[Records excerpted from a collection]
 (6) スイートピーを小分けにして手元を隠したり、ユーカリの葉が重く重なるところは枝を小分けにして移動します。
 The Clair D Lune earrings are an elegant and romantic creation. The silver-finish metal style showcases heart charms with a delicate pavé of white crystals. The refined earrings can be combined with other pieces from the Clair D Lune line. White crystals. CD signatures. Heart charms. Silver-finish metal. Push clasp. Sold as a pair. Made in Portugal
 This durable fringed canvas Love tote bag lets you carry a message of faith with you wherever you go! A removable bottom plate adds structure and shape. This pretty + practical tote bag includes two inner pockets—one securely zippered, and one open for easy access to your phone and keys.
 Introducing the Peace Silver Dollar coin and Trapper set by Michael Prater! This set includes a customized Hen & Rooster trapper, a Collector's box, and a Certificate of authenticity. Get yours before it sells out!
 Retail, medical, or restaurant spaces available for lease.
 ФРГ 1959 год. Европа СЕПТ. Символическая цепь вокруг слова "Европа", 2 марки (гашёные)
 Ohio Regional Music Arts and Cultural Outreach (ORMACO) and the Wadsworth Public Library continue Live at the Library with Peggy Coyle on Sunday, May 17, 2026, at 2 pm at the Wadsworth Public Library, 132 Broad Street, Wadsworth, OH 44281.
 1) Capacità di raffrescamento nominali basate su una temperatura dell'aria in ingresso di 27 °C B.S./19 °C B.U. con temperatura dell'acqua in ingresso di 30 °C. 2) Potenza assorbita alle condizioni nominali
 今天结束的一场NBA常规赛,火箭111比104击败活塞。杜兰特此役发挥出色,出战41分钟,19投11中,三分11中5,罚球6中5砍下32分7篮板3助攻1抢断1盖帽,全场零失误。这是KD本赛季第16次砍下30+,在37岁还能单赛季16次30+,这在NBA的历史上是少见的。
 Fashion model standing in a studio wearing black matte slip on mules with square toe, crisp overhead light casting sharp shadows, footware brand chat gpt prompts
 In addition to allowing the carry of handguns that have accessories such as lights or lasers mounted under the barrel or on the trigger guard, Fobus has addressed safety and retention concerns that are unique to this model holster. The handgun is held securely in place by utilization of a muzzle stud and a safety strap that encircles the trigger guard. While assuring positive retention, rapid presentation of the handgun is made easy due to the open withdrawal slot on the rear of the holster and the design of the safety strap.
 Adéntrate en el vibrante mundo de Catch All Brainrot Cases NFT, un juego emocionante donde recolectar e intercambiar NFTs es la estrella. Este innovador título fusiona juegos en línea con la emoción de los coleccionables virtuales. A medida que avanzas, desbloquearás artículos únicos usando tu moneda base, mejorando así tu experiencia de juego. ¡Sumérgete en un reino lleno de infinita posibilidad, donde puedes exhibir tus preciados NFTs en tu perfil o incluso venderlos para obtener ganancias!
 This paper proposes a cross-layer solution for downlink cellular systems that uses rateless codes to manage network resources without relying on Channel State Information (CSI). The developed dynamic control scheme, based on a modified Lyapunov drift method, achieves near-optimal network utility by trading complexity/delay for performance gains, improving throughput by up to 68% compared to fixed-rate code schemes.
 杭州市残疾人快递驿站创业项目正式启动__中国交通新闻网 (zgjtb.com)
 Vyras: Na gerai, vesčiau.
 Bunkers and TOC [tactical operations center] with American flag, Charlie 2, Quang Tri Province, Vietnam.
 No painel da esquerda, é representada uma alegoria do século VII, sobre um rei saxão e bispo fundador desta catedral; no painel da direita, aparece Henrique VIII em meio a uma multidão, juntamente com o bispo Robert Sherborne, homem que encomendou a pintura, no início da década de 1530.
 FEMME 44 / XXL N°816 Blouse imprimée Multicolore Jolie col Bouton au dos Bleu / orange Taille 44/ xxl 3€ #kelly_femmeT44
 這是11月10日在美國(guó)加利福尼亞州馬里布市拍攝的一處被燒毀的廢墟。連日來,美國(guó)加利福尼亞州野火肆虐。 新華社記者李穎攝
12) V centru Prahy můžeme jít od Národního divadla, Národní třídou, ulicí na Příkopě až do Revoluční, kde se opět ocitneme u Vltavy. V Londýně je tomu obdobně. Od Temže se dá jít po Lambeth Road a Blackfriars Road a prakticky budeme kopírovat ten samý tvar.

-- What is being asked --
Examine each line of the records above and tally those with the string "Silver". State the total alone.

-- Written reply --
2